Денис, натянуто и криво улыбнувшись, медленно прошёл к столу, прямо из горлышка допил остатки – примерно четверть – из ближайшей бутылки (по комнате тут же распространился приятный земляничный аромат), ласково погладил-потрепал по чёрно-белому загривку наглого Аркадия и объявил – бесконечно задумчивым голосом: – Признаться, ты много чего интересного и странного наболтал прошедшей ночью. Болтал-болтал, болтал-болтал…. Впрочем, ерунда ерундовая! Чего только не привидится и не померещится по пьяному, весьма многотрудному и мутному делу…

– А, можно, более развёрнуто?

– Любопытствуешь? Изволь! Раз настаиваешь…. Ты вчера усиленно и надоедливо изображал из себя мудрого древнегреческого оракула. Правда, пьяного в хлам, то бишь, в полные лоскуты…. Даже предрёк, что, мол, в июне текущего, 1812-го года двухсоттысячная армия Наполеона Бонапарта, форсировав реку Неман, коварно вторгнется в нашу многострадальную Россию. Более того, уверял – на полном серьёзе – что у французов будут наличествовать все шансы – дойти до самой Москвы-матушки, даже захватить её и, после этого, сжечь дотла…

– Ух, ты! Ха-ха-ха! – деланно рассмеялся Петька. – Куда же это меня занесло? Похоже, далековато…. Решил, значит, хлебнув лишнего, поиграть в знаменитого воинского тактика и стратега? Вот же, незадача…. Во всём, я мыслю, виноват подлый ямайский ромус. Напрочь, зараза тростниковая, туманит мозг! А чего ещё я наговорил?

– Знаешь, братец, я ведь тоже был прилично пьян, – недовольно поморщился Давыдов. – Здесь – помню, тут – совсем не помню…. Ещё ты доказывал – с пеной у рта – что победить французскую армаду можно, только организовав партизанские отряды. Ну, на манер испанских – летучих и мобильных…. А ещё ты утверждал, что, мол, именно я – Давыдов Денис Васильевич – должен возглавить русское партизанское движение. Мол, у меня для этого имеются все, э-э-э…. А, вспомнил, веские предпосылки!

– Да, это я чего-то…

– Не бери, Бурмин, лишнего в голову! Подумаешь, высказал свои пьяные фантазии вслух. Бывает. Забудь.

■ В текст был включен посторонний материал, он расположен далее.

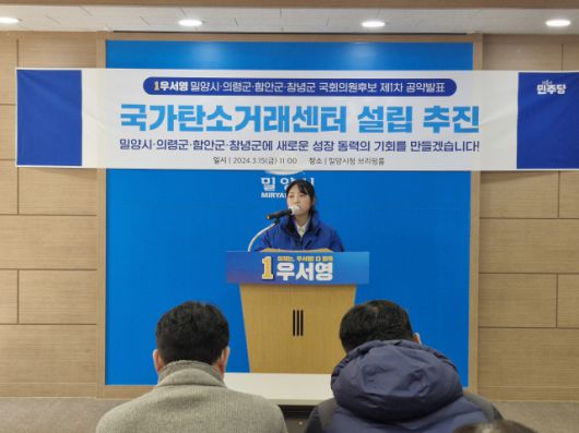4·10 총선에서 경남 밀양·의령·함안·창녕 선거구에 출마한 더불어민주당 우서영 예비후보가 “탄소배출권의 관리체계를 정립하기 위해 우리지역에 국가탄소컨트롤센터를 설립하겠다”며 제1차 공약을 발표했다.

Пётр ещё раз приложился к кувшину с гороховцом и, смущённо отводя глаза в сторону, спросил:

– А ничего, Денис, что я тебя впутал в это дело? То бишь, в сватовство? У тебя же, наверняка, и других важных дел хватает?

– Ерунда ерундовая! – небрежно отмахнулся Давыдов. – Мне надо прибыть в Москву, на запланированную беседу с Илларионом Васильевичем, только через полтора месяца. Так что, успею ещё и поохотиться вволю на волков-медведей, и тебя, дурилку мечтательную, оженить…. Вот, что ещё, братец! Тут наметилось одно серьёзное мероприятие. Поможешь?

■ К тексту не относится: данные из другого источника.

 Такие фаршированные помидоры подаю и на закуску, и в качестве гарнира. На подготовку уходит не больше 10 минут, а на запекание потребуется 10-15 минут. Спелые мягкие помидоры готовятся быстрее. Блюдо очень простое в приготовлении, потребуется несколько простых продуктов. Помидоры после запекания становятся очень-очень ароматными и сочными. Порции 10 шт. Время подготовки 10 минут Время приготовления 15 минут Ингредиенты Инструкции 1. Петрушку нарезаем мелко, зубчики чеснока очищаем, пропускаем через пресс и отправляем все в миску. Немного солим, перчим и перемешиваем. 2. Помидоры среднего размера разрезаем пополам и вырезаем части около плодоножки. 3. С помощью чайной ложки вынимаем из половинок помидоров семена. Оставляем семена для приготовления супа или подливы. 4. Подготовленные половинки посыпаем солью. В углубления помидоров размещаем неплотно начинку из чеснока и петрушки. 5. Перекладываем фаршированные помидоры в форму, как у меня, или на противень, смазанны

– Всё, что угодно! Можешь смело рассчитывать на меня. Не подведу!

– Я по поводу нашей вчерашней находки. Ну, которая зелёненькая такая, железная, с чёрными колёсами…. Помнишь?

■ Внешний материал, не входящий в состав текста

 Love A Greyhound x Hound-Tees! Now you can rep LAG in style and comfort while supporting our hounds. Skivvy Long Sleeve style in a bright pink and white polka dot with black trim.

– Ну, да, конечно, – неуверенно промямлил Петька. – Странная такая вещица, незнакомая, насквозь непонятная, с чертовщинкой…

– Так вот. Я на холм – с вещицей занятной – отправил три подводы с мужиками. Тоже, понятное дело, взял взаймы у станционного смотрителя. Его, кстати, зовут Иваном Павловичем…. Скользкий такой тип, неприятный, себе на уме. Ежели что, то ты с ним особо не церемонься. В том смысле, что сразу бей в сытую чавку…. Итак, мужики доставят сюда, на жабинский постоялый двор, нашу общую загадочную находку. Вот, ты и присмотри, чтобы они всё аккуратно сгрузили в сарай, специально отведённый для этой цели, и ничего ценного – между делом – не растащили по домам. Знаю я русское народонаселение: всё украдут и стырят, что плохо лежит.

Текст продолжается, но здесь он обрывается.